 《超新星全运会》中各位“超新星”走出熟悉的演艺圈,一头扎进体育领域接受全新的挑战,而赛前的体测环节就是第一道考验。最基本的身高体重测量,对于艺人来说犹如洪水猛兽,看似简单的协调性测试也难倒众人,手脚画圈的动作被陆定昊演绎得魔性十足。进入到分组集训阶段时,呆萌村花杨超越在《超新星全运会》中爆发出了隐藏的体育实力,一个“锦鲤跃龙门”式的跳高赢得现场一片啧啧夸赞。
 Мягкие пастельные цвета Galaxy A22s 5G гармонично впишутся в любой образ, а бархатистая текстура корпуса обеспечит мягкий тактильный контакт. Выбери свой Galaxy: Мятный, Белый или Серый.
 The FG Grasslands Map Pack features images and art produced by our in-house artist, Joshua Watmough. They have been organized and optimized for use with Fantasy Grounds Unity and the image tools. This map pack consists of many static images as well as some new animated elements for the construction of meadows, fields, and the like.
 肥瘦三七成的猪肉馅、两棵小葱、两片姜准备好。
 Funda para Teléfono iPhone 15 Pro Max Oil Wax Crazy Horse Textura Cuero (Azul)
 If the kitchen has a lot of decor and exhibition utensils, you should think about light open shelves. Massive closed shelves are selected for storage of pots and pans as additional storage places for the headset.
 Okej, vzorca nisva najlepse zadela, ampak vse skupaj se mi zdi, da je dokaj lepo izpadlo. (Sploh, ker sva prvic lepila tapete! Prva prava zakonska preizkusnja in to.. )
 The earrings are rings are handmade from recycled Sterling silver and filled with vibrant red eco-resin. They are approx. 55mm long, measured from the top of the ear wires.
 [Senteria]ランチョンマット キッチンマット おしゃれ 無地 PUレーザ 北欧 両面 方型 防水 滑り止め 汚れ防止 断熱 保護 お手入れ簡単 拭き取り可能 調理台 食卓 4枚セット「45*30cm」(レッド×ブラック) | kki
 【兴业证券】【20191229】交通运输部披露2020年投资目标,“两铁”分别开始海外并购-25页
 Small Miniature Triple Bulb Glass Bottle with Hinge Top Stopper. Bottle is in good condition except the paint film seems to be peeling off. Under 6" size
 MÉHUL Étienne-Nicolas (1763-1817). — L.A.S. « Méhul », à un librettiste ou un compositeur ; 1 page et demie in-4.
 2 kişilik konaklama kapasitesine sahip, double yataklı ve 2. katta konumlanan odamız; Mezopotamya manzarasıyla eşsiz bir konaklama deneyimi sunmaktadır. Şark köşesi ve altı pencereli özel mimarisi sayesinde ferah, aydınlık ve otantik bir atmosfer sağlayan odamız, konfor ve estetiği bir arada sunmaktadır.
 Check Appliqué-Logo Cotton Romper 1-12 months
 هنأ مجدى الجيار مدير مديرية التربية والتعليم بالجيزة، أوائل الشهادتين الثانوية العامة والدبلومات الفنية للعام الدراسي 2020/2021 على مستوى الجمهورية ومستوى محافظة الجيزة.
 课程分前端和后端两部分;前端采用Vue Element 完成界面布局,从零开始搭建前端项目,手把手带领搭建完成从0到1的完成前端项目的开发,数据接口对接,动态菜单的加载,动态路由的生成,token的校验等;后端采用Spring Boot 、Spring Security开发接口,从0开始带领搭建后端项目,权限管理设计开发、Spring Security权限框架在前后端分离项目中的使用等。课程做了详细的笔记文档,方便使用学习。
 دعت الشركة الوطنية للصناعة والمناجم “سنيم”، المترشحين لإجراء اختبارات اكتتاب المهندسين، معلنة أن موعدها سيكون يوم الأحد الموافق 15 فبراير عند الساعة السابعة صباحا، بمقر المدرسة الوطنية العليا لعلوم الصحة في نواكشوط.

....

- _Prompt_
Your answer must consist solely of the lines from the top of the entries above through the line containing "هنأ مجدى الجيار", copied exactly, both ends included.

- _The completed task_
 《超新星全运会》中各位“超新星”走出熟悉的演艺圈,一头扎进体育领域接受全新的挑战,而赛前的体测环节就是第一道考验。最基本的身高体重测量,对于艺人来说犹如洪水猛兽,看似简单的协调性测试也难倒众人,手脚画圈的动作被陆定昊演绎得魔性十足。进入到分组集训阶段时,呆萌村花杨超越在《超新星全运会》中爆发出了隐藏的体育实力,一个“锦鲤跃龙门”式的跳高赢得现场一片啧啧夸赞。
 Мягкие пастельные цвета Galaxy A22s 5G гармонично впишутся в любой образ, а бархатистая текстура корпуса обеспечит мягкий тактильный контакт. Выбери свой Galaxy: Мятный, Белый или Серый.
 The FG Grasslands Map Pack features images and art produced by our in-house artist, Joshua Watmough. They have been organized and optimized for use with Fantasy Grounds Unity and the image tools. This map pack consists of many static images as well as some new animated elements for the construction of meadows, fields, and the like.
 肥瘦三七成的猪肉馅、两棵小葱、两片姜准备好。
 Funda para Teléfono iPhone 15 Pro Max Oil Wax Crazy Horse Textura Cuero (Azul)
 If the kitchen has a lot of decor and exhibition utensils, you should think about light open shelves. Massive closed shelves are selected for storage of pots and pans as additional storage places for the headset.
 Okej, vzorca nisva najlepse zadela, ampak vse skupaj se mi zdi, da je dokaj lepo izpadlo. (Sploh, ker sva prvic lepila tapete! Prva prava zakonska preizkusnja in to.. )
 The earrings are rings are handmade from recycled Sterling silver and filled with vibrant red eco-resin. They are approx. 55mm long, measured from the top of the ear wires.
 [Senteria]ランチョンマット キッチンマット おしゃれ 無地 PUレーザ 北欧 両面 方型 防水 滑り止め 汚れ防止 断熱 保護 お手入れ簡単 拭き取り可能 調理台 食卓 4枚セット「45*30cm」(レッド×ブラック) | kki
 【兴业证券】【20191229】交通运输部披露2020年投资目标,“两铁”分别开始海外并购-25页
 Small Miniature Triple Bulb Glass Bottle with Hinge Top Stopper. Bottle is in good condition except the paint film seems to be peeling off. Under 6" size
 MÉHUL Étienne-Nicolas (1763-1817). — L.A.S. « Méhul », à un librettiste ou un compositeur ; 1 page et demie in-4.
 2 kişilik konaklama kapasitesine sahip, double yataklı ve 2. katta konumlanan odamız; Mezopotamya manzarasıyla eşsiz bir konaklama deneyimi sunmaktadır. Şark köşesi ve altı pencereli özel mimarisi sayesinde ferah, aydınlık ve otantik bir atmosfer sağlayan odamız, konfor ve estetiği bir arada sunmaktadır.
 Check Appliqué-Logo Cotton Romper 1-12 months
 هنأ مجدى الجيار مدير مديرية التربية والتعليم بالجيزة، أوائل الشهادتين الثانوية العامة والدبلومات الفنية للعام الدراسي 2020/2021 على مستوى الجمهورية ومستوى محافظة الجيزة.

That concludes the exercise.